Create four databases as full pages (not inline) so you can reuse them in dashboards.

1) Objectives

Purpose: store outcomes and context.

Recommended properties

  • Name (title): start with a verb, e.g., “Win our first 50 SMB customers.”
  • Level (select): Company, Team, Individual.
  • Owner (people): accountable person or team lead.
  • Team (relation → Teams db) or a Select if you keep it simple.
  • Quarter (select): 2025 Q4, etc.
  • Status (select): On Track, At Risk, Off Track, Closed.
  • KR Progress % (rollup from Key Results → Progress %, average).
  • Confidence (rollup from KRs → Confidence 1–10, average).
  • Health (formula from KR Progress + Confidence → traffic light).
  • Narrative (rich text): context and strategy.
  • Linked KRs (relation → Key Results).

2) Key Results

Purpose: measurable change that proves the Objective.

Recommended properties

  • KR Name (title): “Revenue from SMB: $125k → $300k.”
  • Objective (relation → Objectives).
  • Owner (people).
  • Metric Type (select): Number, %, Currency, Rate, Binary, Milestone.
  • Direction (select): Increase, Decrease, Maintain.
  • Baseline (number).
  • Target (number).
  • Current (number)—update weekly.
  • Progress % (formula).
  • Confidence (1–10) (number).
  • Weight (number, optional; default 1).
  • Initiatives (relation → Initiatives).
  • Updates (relation → Updates log, optional).
  • Due (date).
  • Notes (rich text).

3) Initiatives

Purpose: the work (projects) that should move a KR.

Properties

  • Title (title).
  • KR (relation → Key Results).
  • Owner (people).
  • Status (select): Planned, In Progress, Blocked, Done.
  • Start / End (dates or timeline).
  • Impact Guess (select: High/Med/Low).
  • Effort (select or number).
  • ICE Score (formula: Impact * Confidence * Ease if you like).
  • Link to tasks (relation to your tasks database if you have one).

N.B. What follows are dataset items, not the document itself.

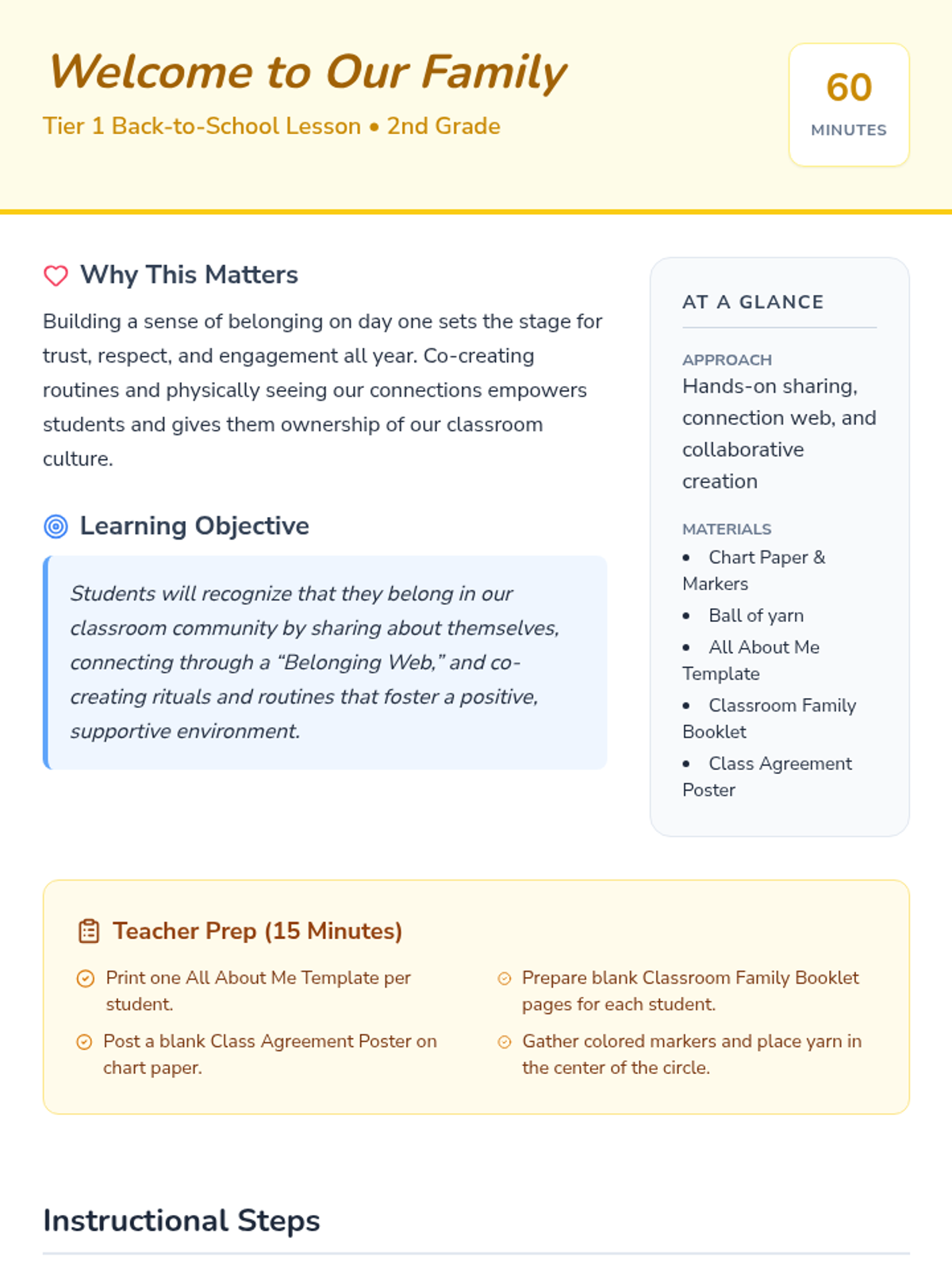 In this 60-minute Tier 1 back-to-school lesson for 2nd graders, students will explore the idea that they belong in our classroom community by creating rituals and routines that foster a positive, supportive environment. This lesson sets the tone for the year, builds connections, and helps students feel safe and valued on day one.
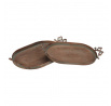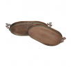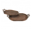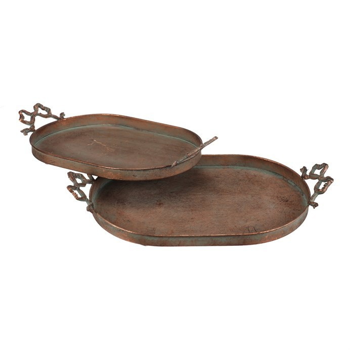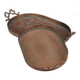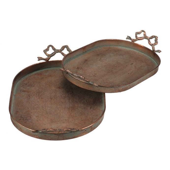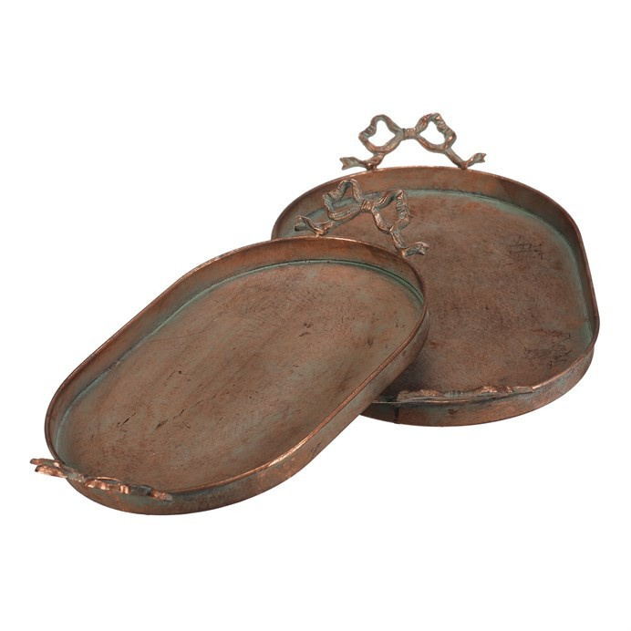 Sada dvou kovových táců v měděném odstínu zaujme svým oválným tvarem a dekorativními úchyty ve tvaru mašlí, které dodávají celku originální vzhled. Povrch táců má jemně patinovaný efekt, který podtrhuje vintage styl a zároveň usnadňuje údržbu. Tác je určený pro aranžování ozdob a květin, přičemž díky pevné kovové základně nabízí stabilitu při přenášení. Je ideální pro použití v interiérech s rustikálním nebo industriálním designem, kde vynikne jeho jedinečný vzhled.
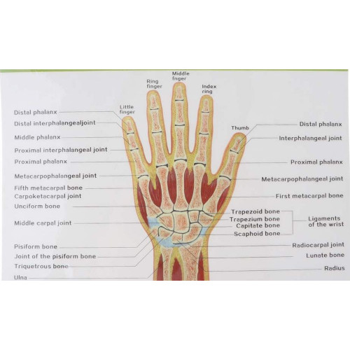 Highly detailed to show the structures of human hand joint skeleton, muscle, nerves, blood vessels, etc.
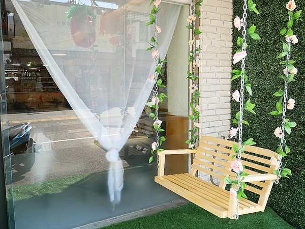 店家外面這個盪鞦韆是木質的 陽光剛好灑落在一側
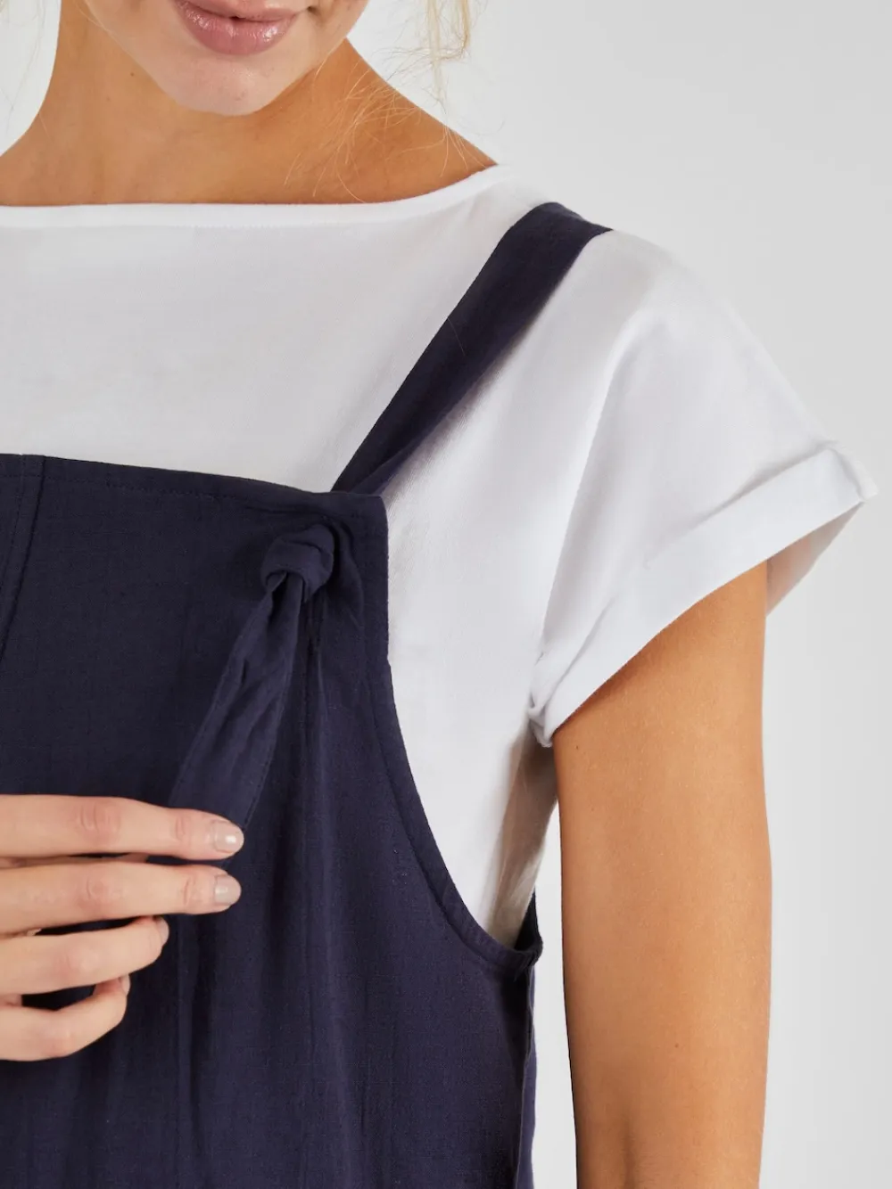 Jojo Maman Bébé Navy Blue Short Maternity Linen Blend Dungarees

4) Updates (optional but powerful)

Purpose: keep a weekly log of change for each KR.

Properties

  • KR (relation → Key Results).
  • Week (date).
  • Current (number).
  • Confidence (number).
  • Comment (rich text).
  • Delta (formula: difference from previous).

This lets you plot sparkline trends or at least read the history quickly.

Relations and rollups (how the math flows)

  • Objectives ↔ Key Results: one-to-many. Each Objective has 2–5 KRs.
  • Key Results ↔ Initiatives: many-to-many. A project can influence multiple KRs, and a KR can have multiple projects.
  • Key Results ↔ Updates: one-to-many, giving you weekly snapshots.

Useful rollups

  • On Objectives:
    • KR Progress % (avg) → roll up Key Results → Progress % → calculate average (or weighted average if you use Weight).
    • Confidence (avg) → average of KR confidence.
    • KR Count → count of linked KRs (sanity check).
  • On Key Results:
    • Initiatives in progress → count Initiatives where Status = In Progress.
    • Last Update → latest date from Updates → Week.

Formulas you can copy-paste

1) Progress % for “increase” metrics

if(prop("Target") == prop("Baseline"), 0,
round( 
  max(0, min(1, (prop("Current") - prop("Baseline")) / (prop("Target") - prop("Baseline")) )) 
* 100))

Clamps between 0–100% so early overshoot doesn’t distort.

2) Progress % for “decrease” metrics (e.g., churn)

if(prop("Target") >= prop("Baseline"),
  // invalid target, avoid divide by zero
  0,
  round( max(0, min(1, (prop("Baseline") - prop("Current")) / (prop("Baseline") - prop("Target")) )) * 100 )
)

3) Unified Progress % (handles Direction)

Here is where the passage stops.